At first I thought :smack: yes, carbide. But then I checked Wikipedia, and it turns out we’re both right:

"The principal raw materials for acetylene manufacture are calcium carbonate (limestone) and coal. The calcium carbonate is first converted into calcium oxide and the coal into coke, then the two are reacted with each other to form calcium carbide and carbon monoxide:
CaO + 3C → CaC2 + CO
“Calcium carbide (or calcium acetylide) and water are then reacted by any of several methods to produce acetylene and calcium hydroxide. This reaction was discovered by Friedrich Wohler in 1862.
CaC2 + 2H2O → Ca(OH)2 + C2H2”

But the carbonate is turned into carbide, and way back in high school Physics Mr. Buckner was using carbide to set up the (prank) acetylene bombs he left for the Biology class that occupied the classroom after him. (Mr. B had a …droll… sense of humor.)

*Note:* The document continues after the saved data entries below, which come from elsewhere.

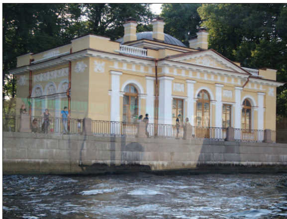
St. Petersburg is a city of canals and more than 300 bridges.

St. Petersburg is one of the most beautiful and cultured cities in the world. Founded by Peter the Great more than 300 years ago, the city was part of his project to westernize the Russian Empire and give it a new capital to rival the great cities of Europe. As you walk the city's streets, cross its bridges and stroll along its canals, the imperial vision becomes apparent. St. Petersburg has always been a city of ideas, controversies, innovations and, in the 20th century, momentous political struggles. Artists, poets, writers, musicians, scientists, architects, philosophers and revolutionaries have lived, worked, fought and thought here. Their presence can be felt in thousands of locations throughout the city, including numerous UNESCO World Heritage Sites, more than 200 museums, 70 theaters, and many classic and contemporary music and sports venues. Whether your interests are in history, arts and culture, politics or science, there is much in Peter's city for you to explore.
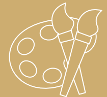
ARTS & CULTURAL PROGRAMS
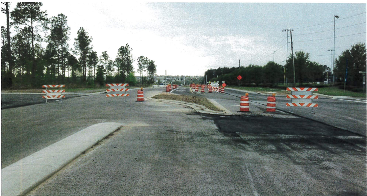
North end of project
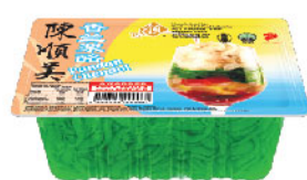
PANDAN CHENDOL 300g*30pcs/450g*20pcs
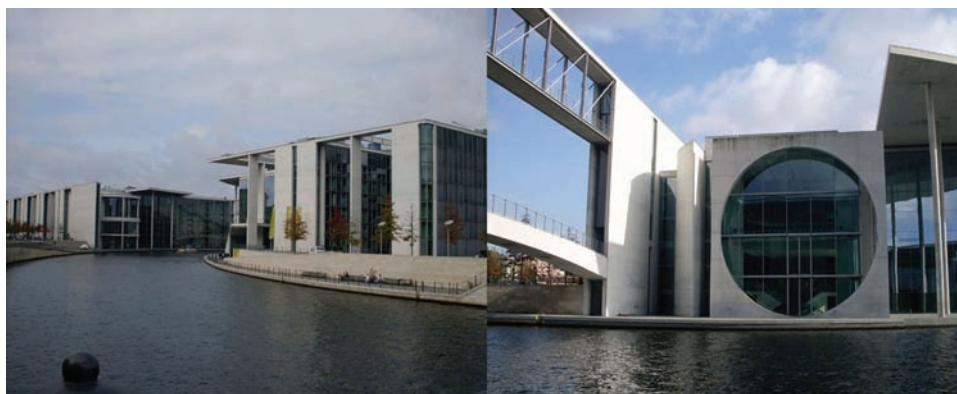
Fig. 3 The two left side buildings are divided by the river Spree. At the left river side is Marie Elisabeth Lüders Haus. At the right side is Paul Löbe Haus
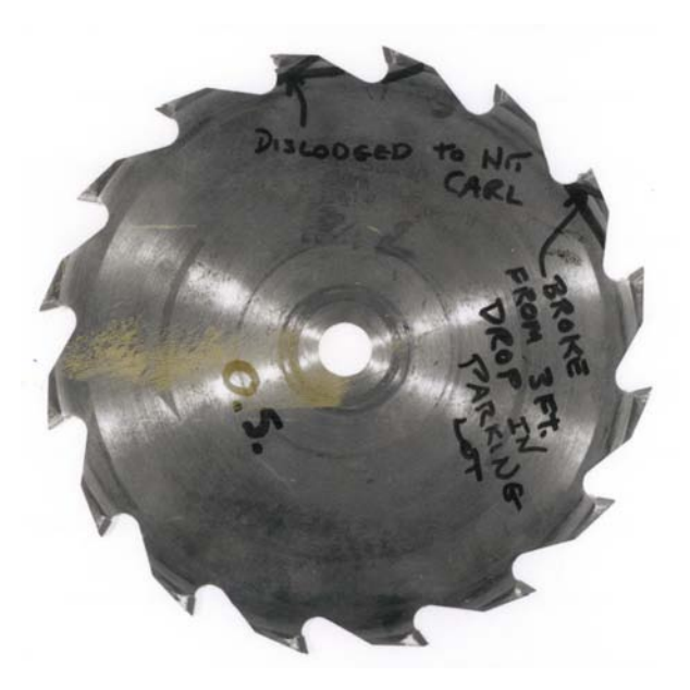
Figure 2: Subject blade, showing multiple broken teeth.
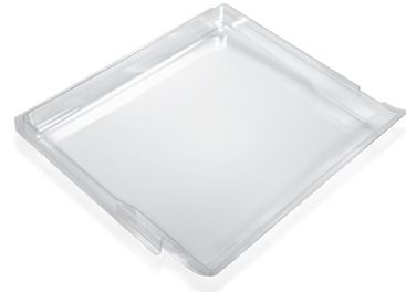
EverClean™ Door Shield (3/Pk) 5028220U0
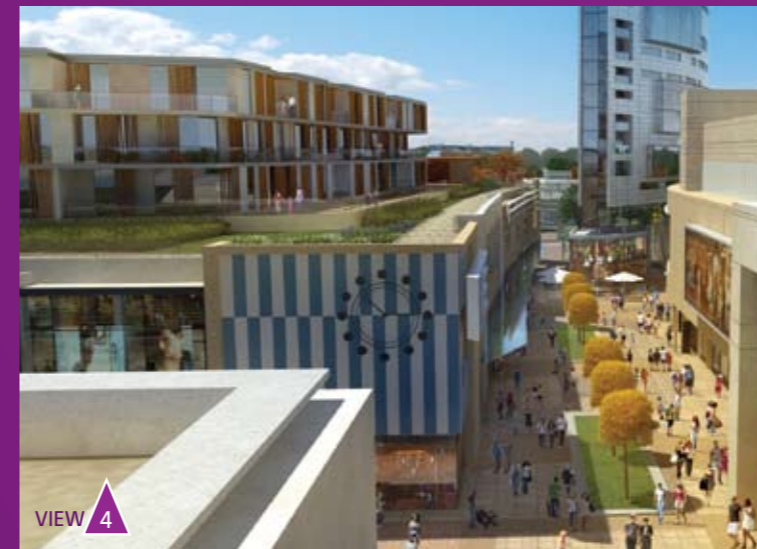
VIEW 4 ▲ View north to Velizy Place from Crown Walk
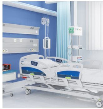
Patient beds in critical care spaces (other than operating rooms) must have a minimum of 14 hospital grade receptacle outlets, single or duplex.
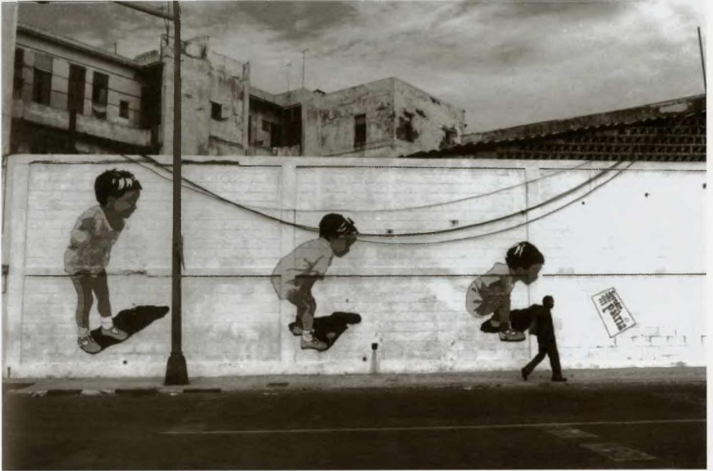
The Vigilant Mural (El mural vigilante), Havana, 1993
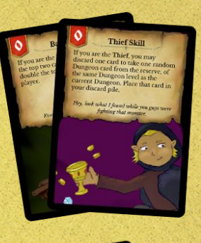
4 Skill cards 1 for each hero's special skill
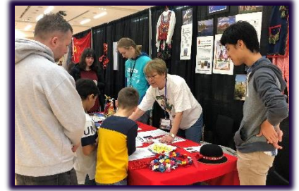
Polish Booth at 2020 FIUTS CulturalFest

The annual FIUTS CulturalFest took place on February 6, 2020. The Polish booth attracted many visitors who learned about Poland and Polish culture from students who volunteered their time to share their knowledge with the guests.
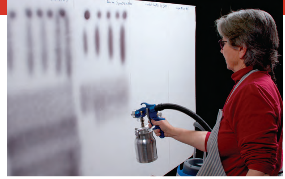
Best test. Masaschi tested each system by spraying dark-colored solvent-based and water-based lacquer onto white cardboard, making it easy to see the size of the spray droplets and the shape of the spray pattern.

adjustment knobs that adjust the spray very nicely.
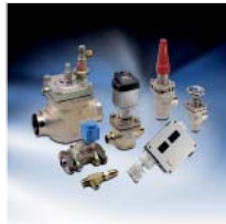
Controls for Industrial Refrigeration
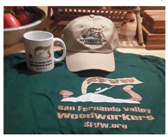
Go to This Link!

Be a fashion leader with the finest in woodworking attire.
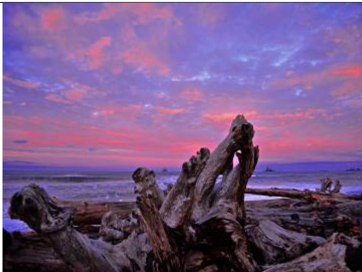
Rialto Beach Sunrise
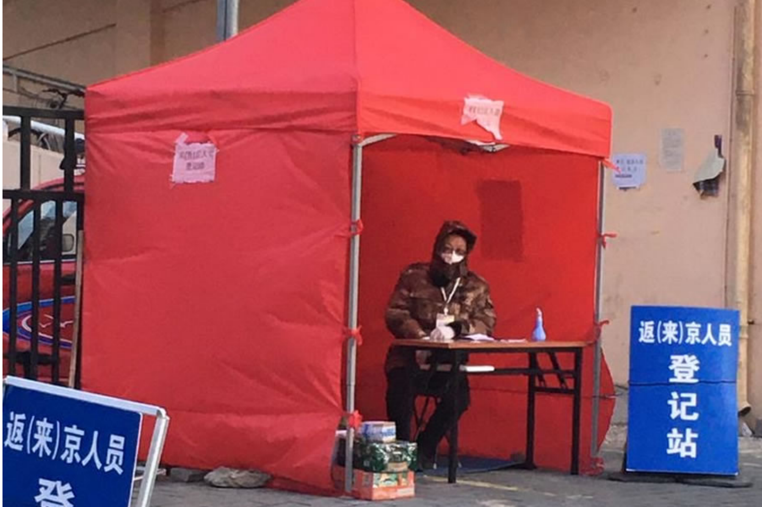
Residential district entrance.

OFFICE BUILDINGS IMPOSE VERY STRICT CONTROL WITH EVERY ENTRANT HAVING TO FILL OUT THE SO-CALLED HEALTH SURVEY.
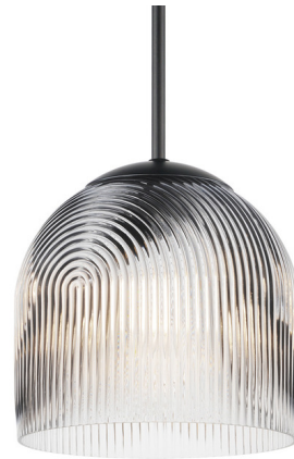
Shown in black / clear ribbed

Featuring a concentric, semicircular ribbed glass pattern, the Dune Pendant offers a fusion of nautical design with contemporary flair. The textured glass refracts light, diffusing glare while delivering ample illumination. Metal accents in a matte black finish enhance the modern aesthetic.
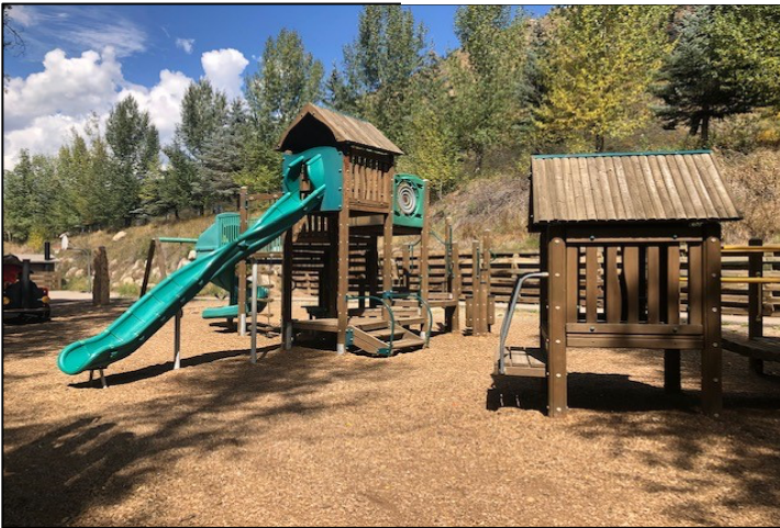
Non-Code Compliant Playground Structure
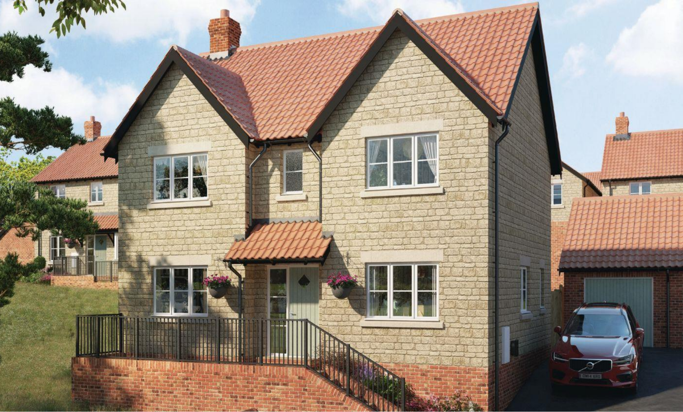
The Dyrham Deluxe Hopton Rise, Malmesbury SN16 0GB
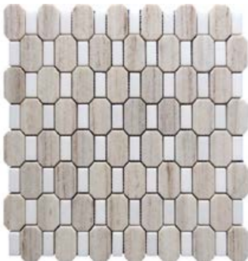
TIBESTI Code: SAH-OC02

Sheet size: 244x310 mm Material: Crystal Sand / Thassos White / Cinderella Gray
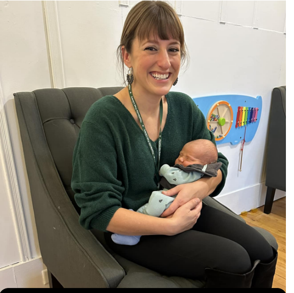
We love it when brand new babies come to storytime!
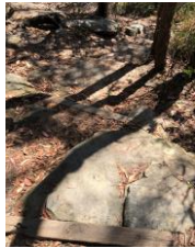
Rocky terrain on bush walking tracks
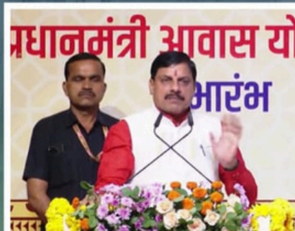
SHRI MOHAN YADAV Chief Minister of Madhya Pradesh
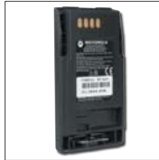
FTN6573 950mAh Lilon Slim-line Battery
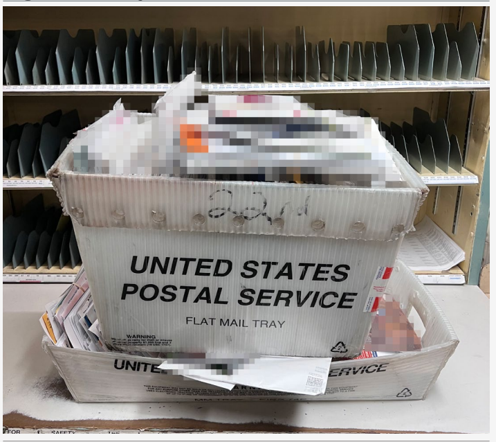
Figure 1. Delayed Mail at the Carrier Case

manager did not monitor that the delayed mail counts in DCV were accurate.
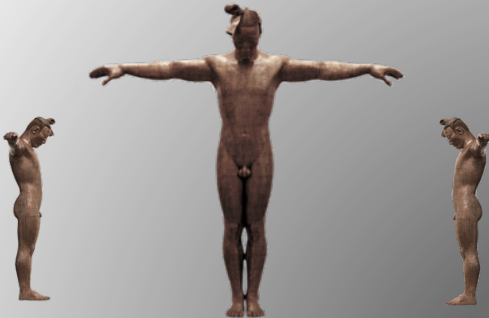
Ode to motherland no.7 120 x 118 x 30cm / 63 x 60 x 15cm Resin / Bronze
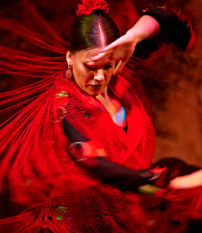
FLAMENCO DANCER, VIGO, SPAIN

And if Floppy Joe upthread was mixing carbonate and water, then he was getting something other than acetylene, and I was wrong. :frowning:

All of these kitchen stories remind me of something that was hardly stupid on my part, I think, but still obvious in retrospect: once I had badly chapped fingertips (as in cracks in the skin) and I tried peeling an orange with my bare hands. Citric acid stings like a right bastage in those circumstances, I can tell you.

I used my hand to squish down the trash in the can at work without looking. I yanked out my hand to find a long large piece of plastic sheeting embedded in the web of my hand. I pulled it out, and it didn’t bleed much. But did you know that the area between your thumb and forefinger, under the skin, is hollow? the hole was big enough that I could peek in and see like a cavern, with the innards of my hand working, doing their thing.